Accordingly, a teacher’s pension would actually increase if he decides not to retire in 
the third year after choosing option 2.  If “x” is a teacher’s salary when he chooses 
option 2, then his total salary for the next three years would be:  (x + $7,000) + (x + 
$7,000 + $2,500) + (x + $7,000 + $5,000), or 3x + $28,500.  The same teacher’s salary in 
the fourth year after choosing option 2 would be x + $7,500.  Since that is higher than 
his salary in the first year after he chose option 2, his pension would be higher if he 
retired in the fourth year than if he retired in the third year.

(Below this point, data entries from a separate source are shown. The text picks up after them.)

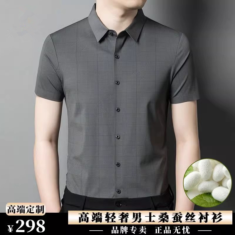 Главная страница > Высококачественная шелковая рубашка для мужчин с короткими рукавами бизнес-повседневная тонкая рубашка летняя новая бесшовная безглажная рубашка с половиной рукава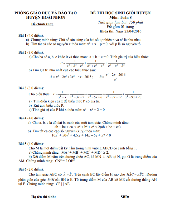Đề thi HSG huyện Toán lớp 8 năm 2015 – 2016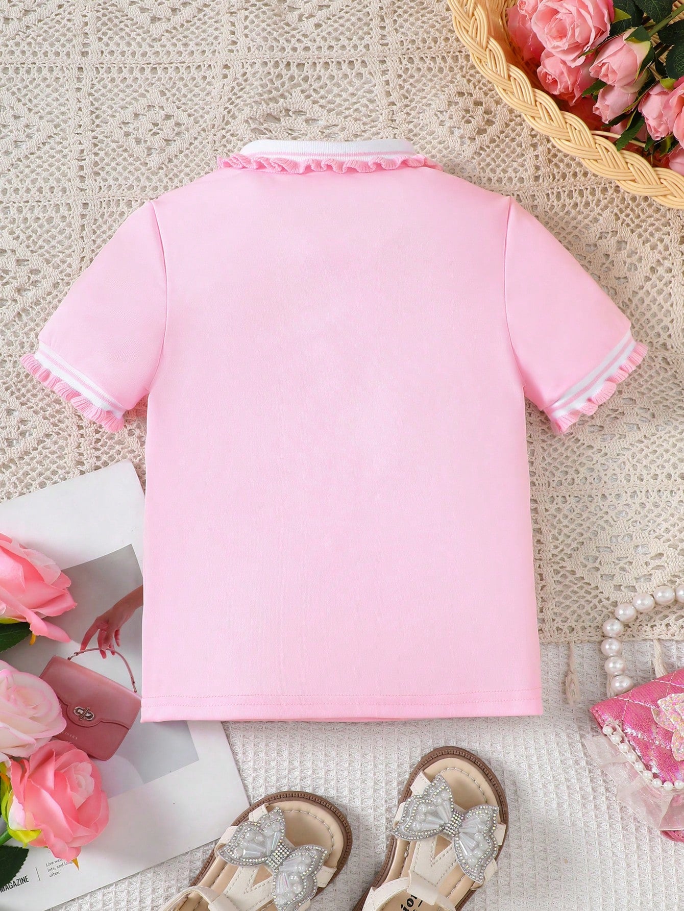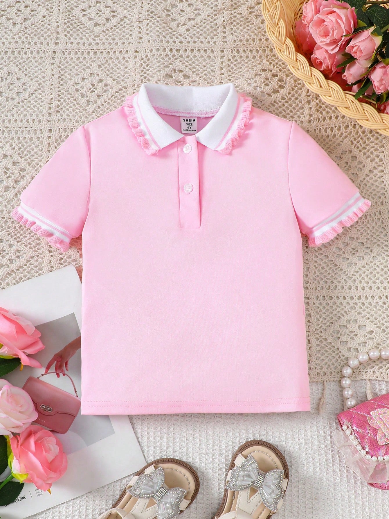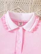 Young Girl' Ruffle Trim Polo Collar T-Shirt, Suitable For Summer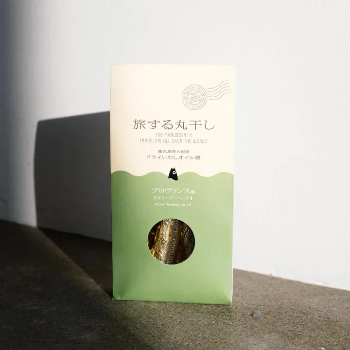 老舗の干物屋がたくさん残っている全国でも珍しい町、鹿児島県阿久根市。 この港町で漁師たちが朝方4時から6時に獲ってくる「ウルメイワシ」は、おなかの中にエサが残っていないので苦みが少なく、食べやすい干物になります。 お酒のアテのイメージが強い丸干しですが、時代の流れと共にライフスタイルも変わり、今では食卓で丸干しを見ることは随分なくなりました。 それでも「丸干しの良さを守りたい」と、朝どれの美味しい丸干しを世界の国々の味をイメージしたオイルに漬けました。 南イタリア、プロヴァンス、マドラス、阿久根…まるで日本の丸干しが世界をわたり歩いているような風味が丸干しの旨味と共に口の中に広がります。 創業昭和14年の下園薩男商店が提案する干物の新しい形です。 製造は手作業。じっくりと干され旨みが凝縮した丸干しは、より食べやすく頭としっぽを切り、一尾一尾製造スタッフが丁寧に瓶の中に詰めていきます。少しでも力の加減を間違えるとほろりと崩れてしまう丸干しを傷つけることなく、隙間なく瓶に整然と詰めていくのは一朝一夕でできることではありません。美味しい丸干しをより多くの人に知って食べてもらい、手に取ってくれるお客様の豊かな生活の一つに加われたら。そんな想いと共に丁寧に一尾ずつ詰めています。 ~プロヴァンス風~ タイム、セージ、フェンネルなど、プロヴァンス地方でよく使われるようなハーブをブレンドしたエルブドプロヴァンス。そのハーブとブラックオリーブをオイルに入れて煮詰めました。爽やかな香りで丸干しがすっきりとした味わいになります。 白ワインにも合うおいしさで、ニース風のサラダにぴったりです。丸干しにオリーブを添えてお召し上がりください。 時間を問わず、メインにも軽食にもおつまみにも。 風味豊かなオイルは、オイルパスタやドレッシング、ソースなどに使っても美味しく召し上がれます。 ※写真は盛り付けイメージです。丸干し以外の食材は販売物に含まれません。 ~活用レシピ~ ●丸干しのニース風サラダ 旅する丸干しのオイル小さじ2、酢小さじ1、塩ひとつまみを混ぜ、ドレッシングを作り、くし切りのゆで卵、トマト、ブラックオリーブ、ゆでたジャガイモ、レタス等のサラダに丸干しを皿に盛り、ドレッシングをかけて完成です。冷えた白ワインやロゼと一緒にどうぞ。 ●旅するカナッペ クリームチーズと丸干し、オイルをフードプロセッサーにかけ、フランスパンに塗ります。丸干しとハーブをトッピングして完成です。 ●丸干しのバーニャカウダ 旅する丸干しのオイル大さじ1とマヨネーズ大さじ1を混ぜ、アスパラガスやパプリカ等、お好みの野菜をつけてお召し上がりください。市販のバーニャカウダソースと丸干しをフードプロセッサーにかけても美味しいソースが完成します。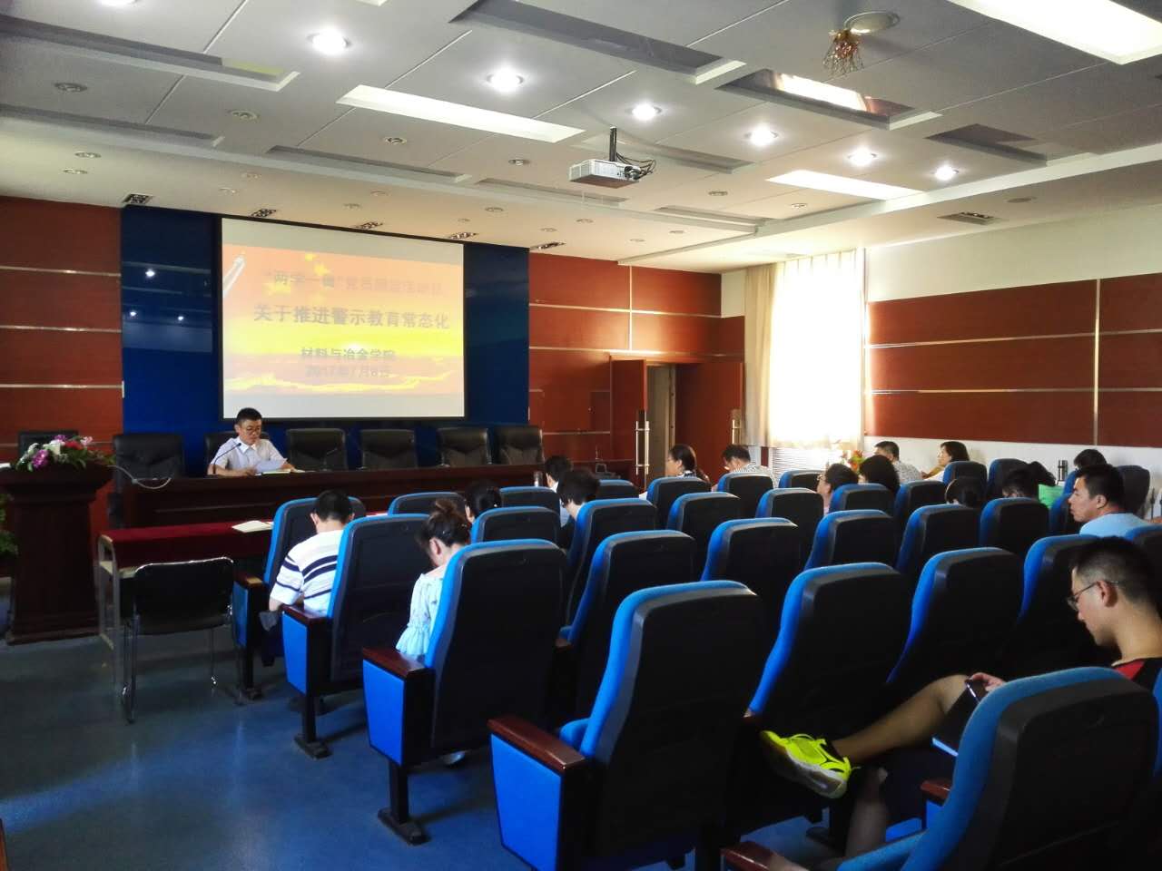 7月6日下午,党总支副书记副院长张鑫在院学术报告厅,主持召开了关于“推进警示教育常态化”全院党员大会。

<3> The district courts in Detje and Quinn cite Hagelthorn in applying the “prevailing 
party” standard to ADEA attorney’s fee requests.  Detje cites Hagelthorn for the 
proposition that an award of attorney’s fees is mandatory for a plaintiff who is a 
“prevailing party.” 167 F. Supp. 2d. at 250.  Quinn cites Hagelthorn for the proposition 
that the ADEA’s fee shifting provision “has generally been interpreted to mean that an 
award of attorney’s fees should be made to the plaintiff when he or she prevails.”  621 
F. Supp. at 1093.

<4> Plaintiffs argue on appeal that the district court erred in failing to order the 
district to allow plaintiffs to participate retroactively in option 2 and to award 
damages.  See Plaintiff-Appellee’s Brief at 37-42.  In view of the fact that no one 
obtained benefits under option 2, we believe that the district court did not abuse its 
discretion in limiting the relief awarded to an injunction ordering the defendants to 
bring the collective bargaining agreement into compliance with the ADEA.